Eight of the 10 cities with the highest average credit scores are in the Midwest -- and that's no accident, experts say. While the Midwest generally has a higher employment rate and a more stable housing market than much of the rest of the country, "in the Midwest, it's clearly about attitudes," says Alan Schiffres, partner at Novantas, a nonprofit credit counseling service. "You're dealing with more conservative attitudes toward debt."
"If somebody had a foreclosure around here, it would be big news and very shameful," O'Guinn says. "I don't think you'd pick that up in some other communities."
"We think of communities as having certain norms," Griffin of Experian says. He recalls encountering a couple from Kansas who had amassed more than $100,000 in debt. Instead of declaring bankruptcy as many people might have done in that situation, they worked hard and were very frugal and managed to pay it off within five years. "You tend to think that has something to do with the social setting, though I can't say for sure that's the case," Griffin says.

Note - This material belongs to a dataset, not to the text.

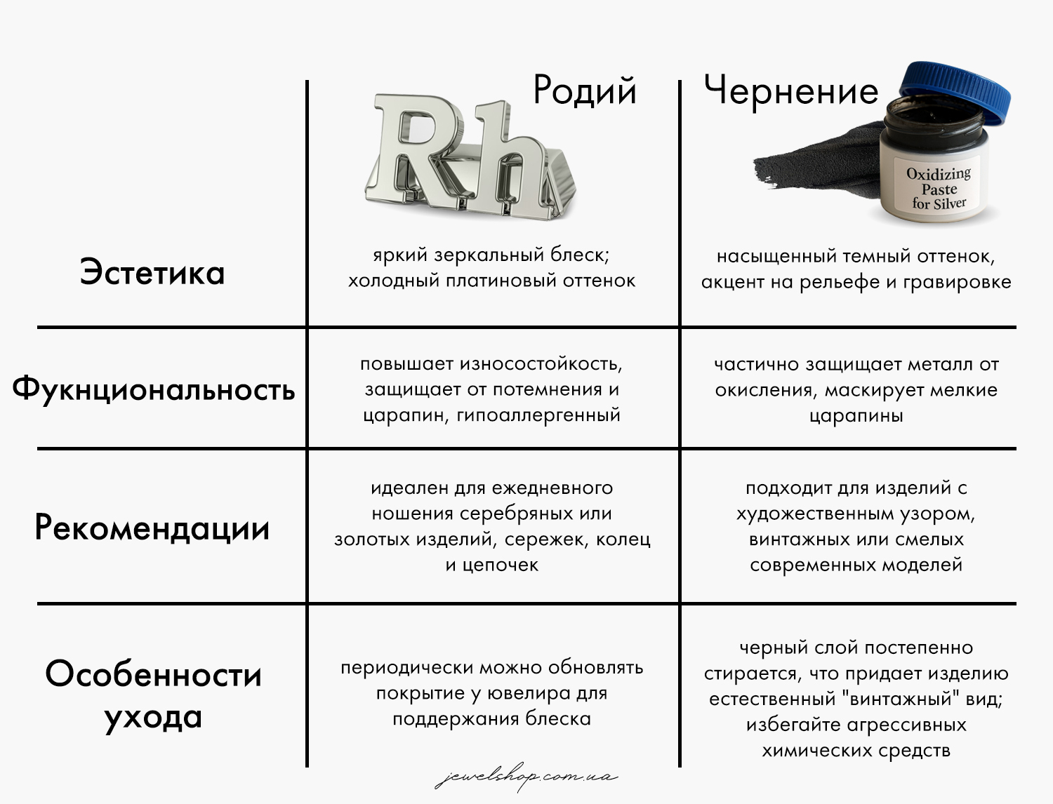 Выбор между родием и чернением зависит от цели, стиля изделия и условий эксплуатации. Каждое покрытие имеет свои преимущества и особенности, которые следует учитывать при покупке или заказе украшения. Если главная цель — долговечность и блеск, выбирайте родий. Если хочется выразительности, контраста и уникального стиля, оптимальным будет чернение. Мы подготовили небольшую сравнительную табличку как итог, чтобы облегчить ваш выбор.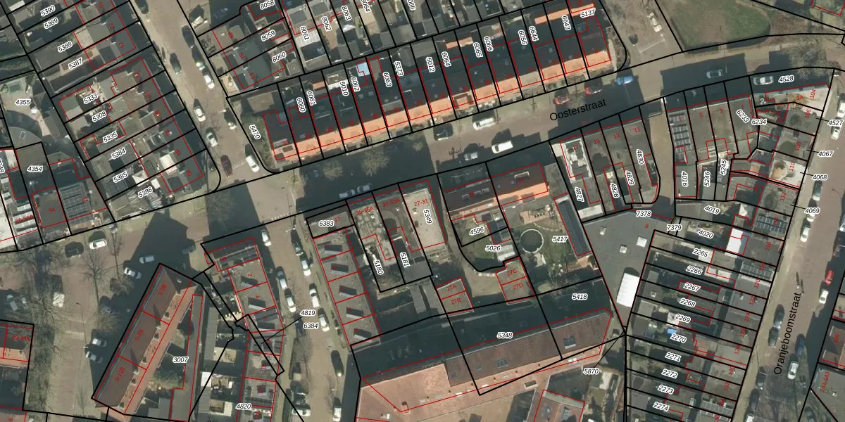 Oosterstraat 29 is gelegen op kadastraal perceel PCH00I5349. Deze kadastrale aanduiding is uniek en wordt gebruikt door het Kadaster om eigendomsrechten en andere zakelijke rechten vast te leggen. Het perceel maakt onderdeel uit van de kadastrale gemeente Princenhage.

Either way, it's clear that folks in the Midwest on average handle their money more wisely than those in the rest of the country. "It's interesting that the Midwest has consistently done well in this study," Griffin says. "For whatever reason, they pay their bills on time consistently, keep their debts low and live within their means."
The 'We're too smart to be in debt' curve
It's a given: The more educated you are about how to best manage credit and debt, the more you're able to avoid common financial missteps.
"In regions where people tend to have lower levels of education and lower incomes, credit scores are lower," says Karen Carlson, director of education and creative programs at InCharge Education Foundation, a credit counseling and education service. "Lower levels of education correlate with higher unemployment, which is one of the main contributors to missed payments and debt accumulation. There is also evidence to show financial literacy correlates with education levels. Those with higher levels of financial knowledge are less likely to engage in high interest debt such as payday loans or subprime mortgages."
And this is why education, especially education about how to manage one's finances and use credit wisely, is the best defense for those in communities where over-borrowing is the norm. "We need to get financial literacy education in the hands and heads of people who could most benefit from it," Carlson says.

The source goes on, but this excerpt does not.